Unlike traditional data centers, these facilities are optimized for massive parallel processing, high-throughput workloads, and large-scale model operations. NVIDIA outlined multiple generations of accelerated computing platforms driving this shift, including Hopper, Blackwell, and the newly announced Vera Rubin architecture.
Each generation delivers exponential performance gains while lowering the cost of AI computation, making enterprise-scale AI deployment increasingly economically viable.
Agentic AI and the Explosion of Compute Demand
Another dominant theme was the rise of agentic AI—systems designed not merely to generate responses, but to reason, plan, reflect, and act autonomously.
These systems generate so-called “thinking tokens,” representing internal reasoning, decision-making, and multi-step planning processes. As AI models grow in complexity, computing demands are expanding rapidly. Executives noted that model sizes are already moving from hundreds of billions of parameters into the multi-trillion range, driving exponential growth in infrastructure requirements.
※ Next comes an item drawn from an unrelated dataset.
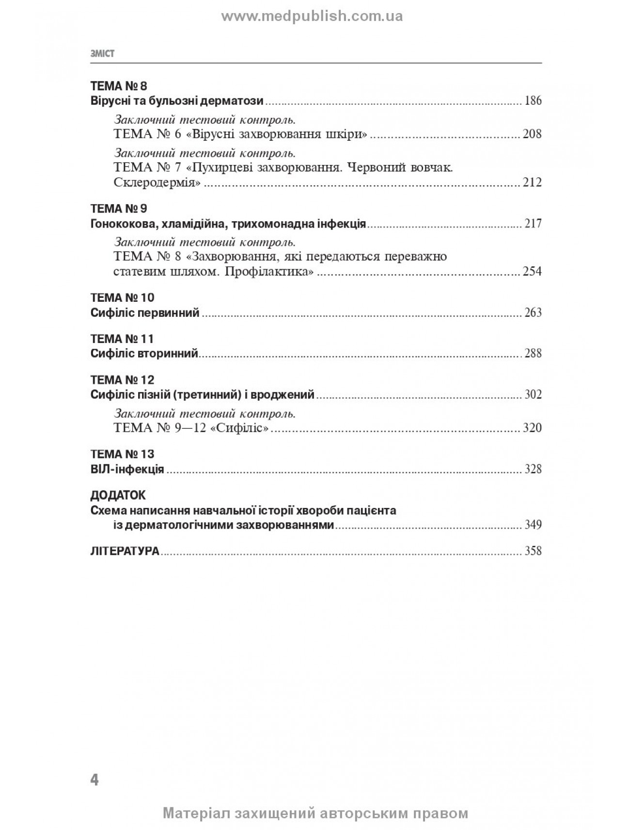 У навчальному посібнику системно, відповідно до навчальної програми і тематичних планів медичних (фармацевтичних) закладів фахової передвищої та вищої освіти, викладено практичну частину. У кожній темі розкрито актуальність, мету, описано етіологію та патогенез, клінічні прояви, діагностику, лікування і профілактику різних дерматозів і захворювань, які передаються статевим шляхом. Питання, тести, клінічні задачі та завдання, запропоновані алгоритми для відпрацювання практичних навичок допоможуть студентам і медичним працівникам вивчити, повторити та закріпити навчальний матеріал.

Hybrid AI: Intelligence Across Devices and Cloud
Lenovo outlined a hybrid AI architecture that distributes intelligence across multiple layers: personal devices, edge systems, private cloud environments, and large-scale AI factories.
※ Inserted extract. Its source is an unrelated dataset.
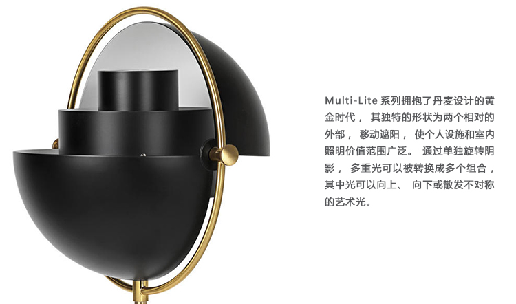 多元文化收藏拥抱了丹麦设计的黄金时代,其独特的形状为两个相对的外部,移动遮阳,使个人设施和室内照明价值范围广泛。通过单独旋转阴影,多重光可以被转换成多个组合,其中光可以向上、向下或散发不对称的艺术光。

In this model, smaller AI systems operate locally on devices, while larger models run in cloud infrastructure. Tasks are dynamically routed based on latency, performance, cost, and security requirements. The goal is to make AI more accessible while reducing complexity for both users and organizations.
Partnerships Powering Global Deployment
Strategic partnerships were presented as critical to scaling AI infrastructure worldwide.
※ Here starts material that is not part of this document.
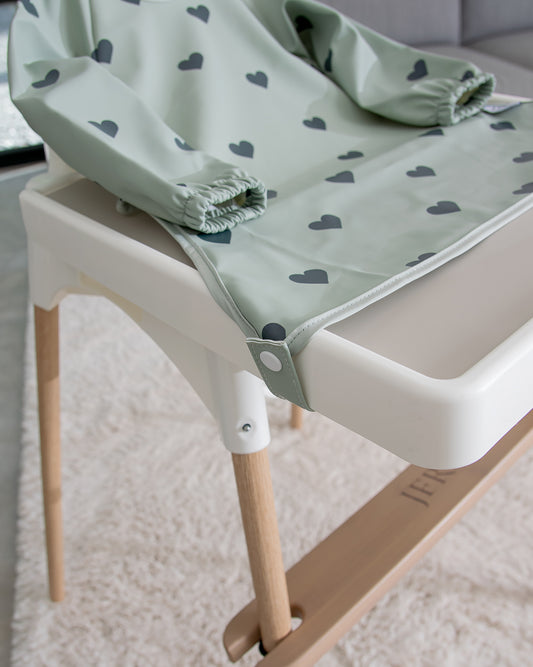 Långärmad Haklapp Med Förkläde - Grön med hjärtan
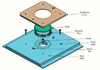 The assembly is made up of two major components: the baseplate and the workpiece holder. On the entire assembly, the base plate clamps

Lenovo and NVIDIA announced an expanded collaboration to deploy AI factories globally, combining NVIDIA’s accelerated computing platforms with Lenovo’s manufacturing scale, cooling systems, and global services infrastructure. The objective: reduce deployment complexity and dramatically shorten the time from installation to operational AI use.
Intel and Lenovo also reaffirmed their long-standing partnership, focusing on AI-powered PCs, enterprise systems, and data center platforms designed to support AI workloads across devices and cloud environments.
From Intelligence to Action
Speakers emphasized that AI is moving beyond analytics and insight generation toward real-time action and automation.
Next-generation AI systems are increasingly being designed to execute workflows, manage operations, coordinate tasks, and operate autonomously across enterprise systems. This shift is expected to reshape industries including manufacturing, logistics, healthcare, entertainment, and even global sporting events.
A New Computing Era
Leaders at CES 2026 framed the current transition as one of the largest technological shifts in modern history—comparable to the rise of the internet or mobile computing.
In this new paradigm:
- AI systems replace traditional application frameworks
- Accelerated computing replaces CPU-centric architectures
- AI factories replace conventional data centers
- Intelligent agents replace traditional interfaces
The result is the emergence of an AI-native digital ecosystem.
Looking Ahead
As AI infrastructure, models, and systems continue to evolve, the boundaries between software, hardware, and intelligence are rapidly dissolving.
What is emerging is not simply a new generation of technology, but a new foundation for digital society—one in which intelligence itself becomes infrastructure.
At CES 2026, that future no longer appeared theoretical.
It is already being built.

The evening concluded with a live performance by Gwen Stefani, showcasing the Sphere’s immersive audio-visual capabilities and underscoring the fusion of technology, entertainment, and AI-driven experiences.